Beginning with the line containing "Perfect table decor", transcribe every line exactly down to the last one in the records below, and drop the pictures.

=== Section Start ===

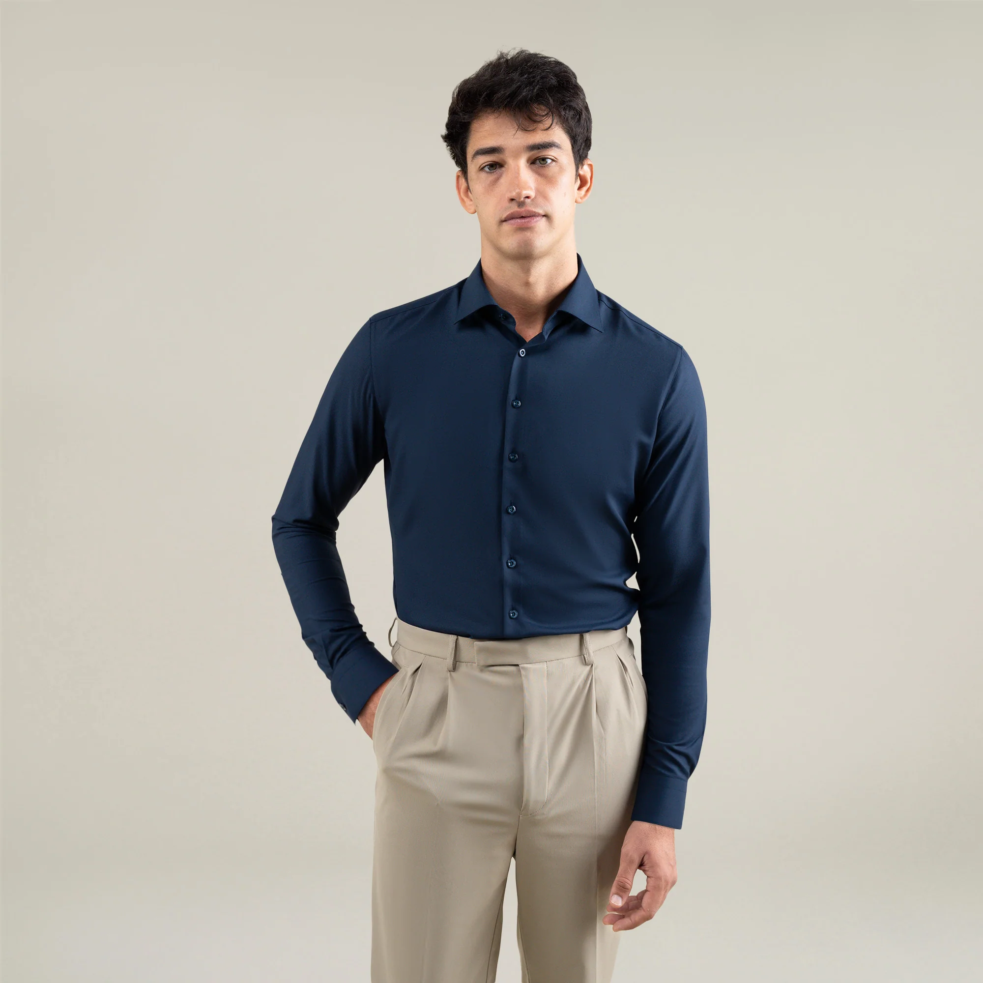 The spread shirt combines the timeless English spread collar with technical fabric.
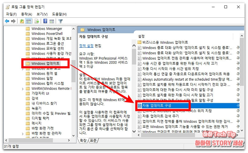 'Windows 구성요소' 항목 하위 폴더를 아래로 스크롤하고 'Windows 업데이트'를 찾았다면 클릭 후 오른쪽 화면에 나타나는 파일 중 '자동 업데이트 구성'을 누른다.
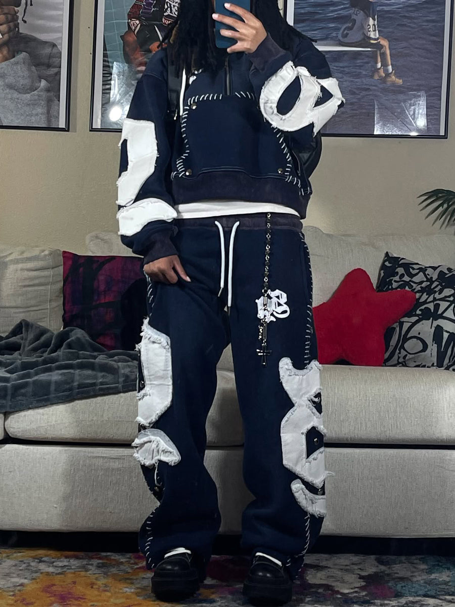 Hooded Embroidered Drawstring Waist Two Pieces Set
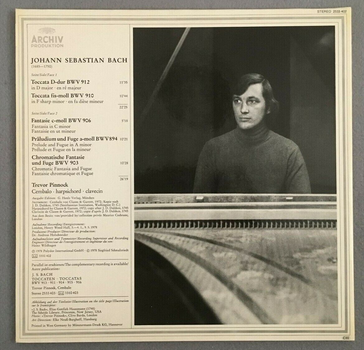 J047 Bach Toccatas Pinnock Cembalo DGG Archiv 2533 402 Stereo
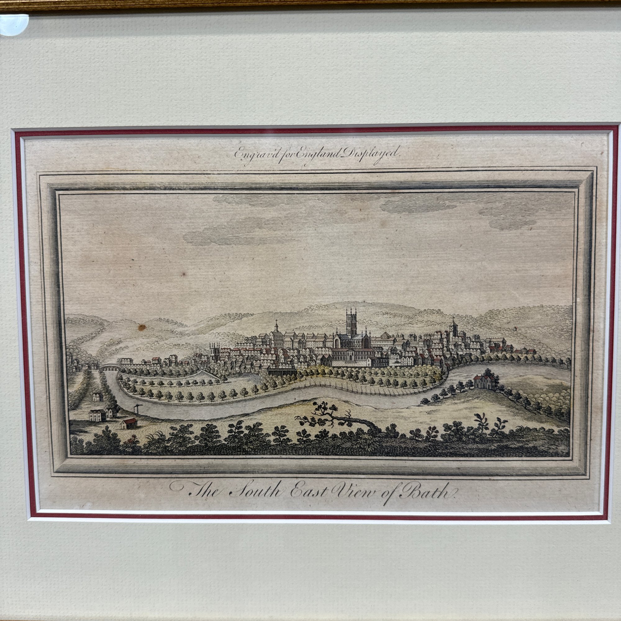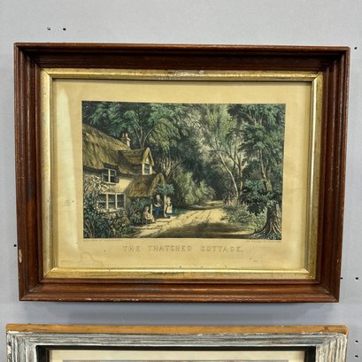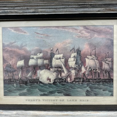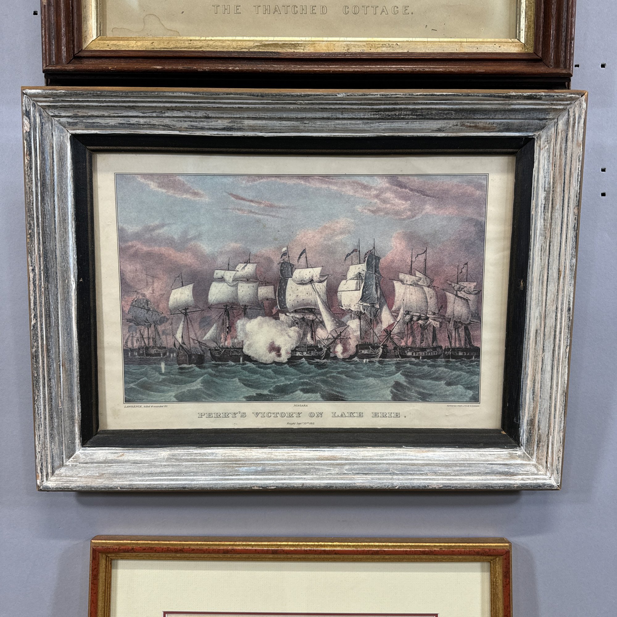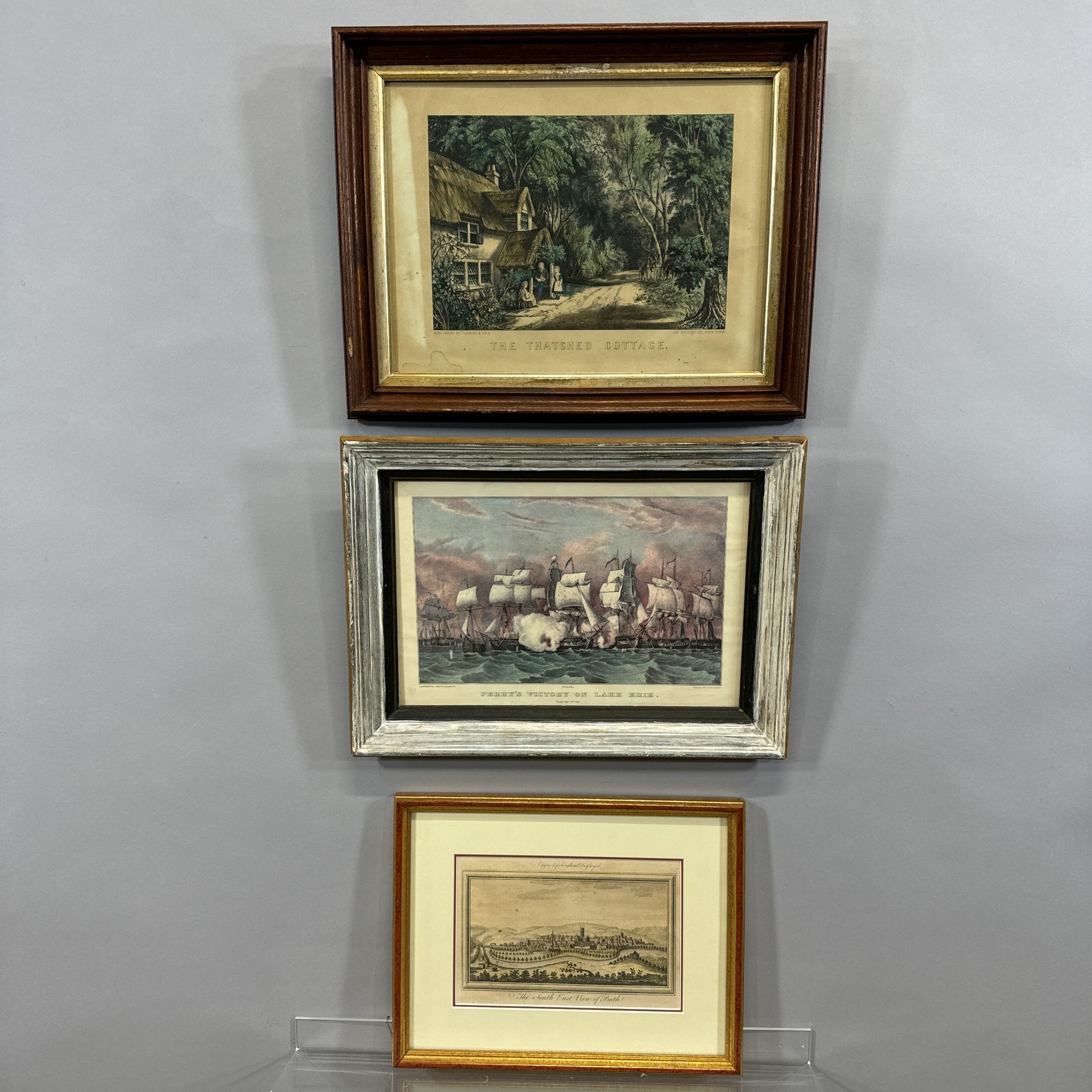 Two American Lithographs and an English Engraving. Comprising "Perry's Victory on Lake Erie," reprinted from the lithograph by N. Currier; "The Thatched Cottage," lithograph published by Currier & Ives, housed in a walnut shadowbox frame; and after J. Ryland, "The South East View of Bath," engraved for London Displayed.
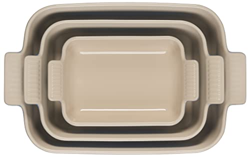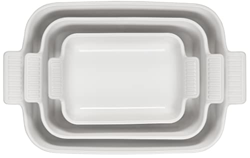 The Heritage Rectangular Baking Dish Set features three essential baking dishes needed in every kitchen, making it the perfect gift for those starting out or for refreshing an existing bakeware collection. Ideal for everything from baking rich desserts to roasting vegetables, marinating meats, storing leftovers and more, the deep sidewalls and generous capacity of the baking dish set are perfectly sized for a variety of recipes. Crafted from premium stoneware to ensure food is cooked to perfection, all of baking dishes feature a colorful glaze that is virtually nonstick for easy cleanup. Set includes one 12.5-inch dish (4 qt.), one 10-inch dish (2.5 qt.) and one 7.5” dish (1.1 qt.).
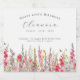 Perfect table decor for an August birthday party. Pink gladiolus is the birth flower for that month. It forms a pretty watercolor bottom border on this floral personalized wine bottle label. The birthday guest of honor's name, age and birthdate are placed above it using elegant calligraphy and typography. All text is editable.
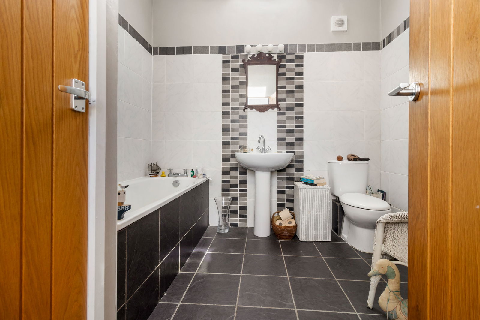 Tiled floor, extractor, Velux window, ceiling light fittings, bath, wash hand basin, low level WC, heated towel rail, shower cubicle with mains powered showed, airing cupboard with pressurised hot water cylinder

=== Section End ===

Task solution:
 Perfect table decor for an August birthday party. Pink gladiolus is the birth flower for that month. It forms a pretty watercolor bottom border on this floral personalized wine bottle label. The birthday guest of honor's name, age and birthdate are placed above it using elegant calligraphy and typography. All text is editable.
 Tiled floor, extractor, Velux window, ceiling light fittings, bath, wash hand basin, low level WC, heated towel rail, shower cubicle with mains powered showed, airing cupboard with pressurised hot water cylinder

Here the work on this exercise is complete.